The Faculty Executive Committee held their first meeting of the month on Monday. Discussion topics ranged from the undergraduate curriculum, to the Silent Sam controversy, to drafts of the new University budget.
The Faculty Executive Committee works to represent the interests of the general faculty to the UNC administration, in addition to working with the Faculty Council to make University-wide educational policies.
Undergraduate curriculum changes
Members spent the first portion of the meeting discussing a possible revamp of the undergraduate curriculum requirements.
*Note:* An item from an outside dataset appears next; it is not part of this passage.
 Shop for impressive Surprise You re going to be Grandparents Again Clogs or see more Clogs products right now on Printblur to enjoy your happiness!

Senior Associate Dean for Undergraduate Education, Abigail Panter, visited to discuss the draft of a new undergraduate general education curriculum.
The newest features of the draft included capacities in certain skill sets, as opposed to requirements for specific kinds of courses. The draft also introduces a new Ideas, Information and Inquiry course requirement for all first-year students.
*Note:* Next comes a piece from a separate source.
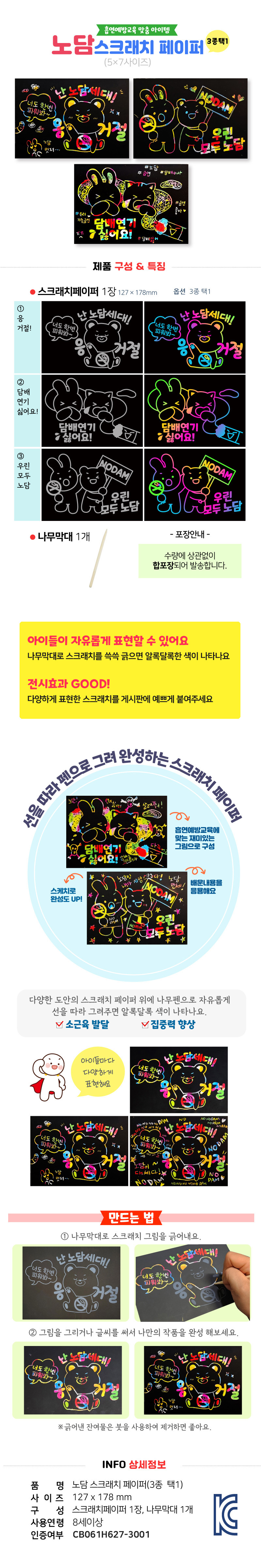 | 재질 (섬유의 경우 혼용률) | 스크래치페이퍼,나무막대 |

“What we are trying to do with these actions would be to think about the liberal arts overall, and to think about what is it that we value overall,” Panter told the committee. “(So) that all of our students really should be exposed to and have the ability to experience they’re here.”
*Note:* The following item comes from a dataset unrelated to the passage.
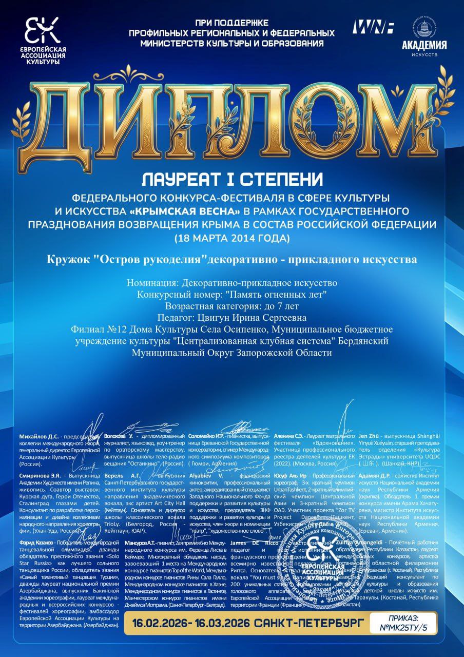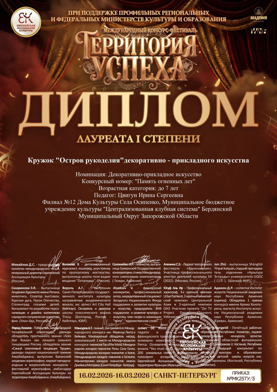 Кружок декоративноприкладного искусства «Остров рукоделия» Дома культуры села Осипенко добился успехов на престижных творческих состязаниях. В этом году коллектив стал победителем Международного конкурсафестиваля «Территория Успеха» (проводится раз в три года) с конкурсным номером «Память огненных лет» в номинации декоративноприкладного искусства.

Dramatic Art Department Chair Adam Versényi, who worked with Panter on the draft, pointed out that UNC has far more undergraduate curriculum requirements than any of its peer institutions. Versényi said the University currently requires student to take 77 credit hours of general education requirements.
“That is way out of whack with other schools in the system, and even more out of whack than our peer institutions across the country, which are generally at 48,” said Versényi, his comment echoed by nods from committee members.
An animated discussion followed as members talked about how to fix loopholes and weaknesses in the draft — for example, UNC art history professor Cary Levine pointed out how, with the new plan, students could theoretically graduate without taking an arts class. Members also brainstormed on how to go about assessing the success of a new curriculum if it is implemented.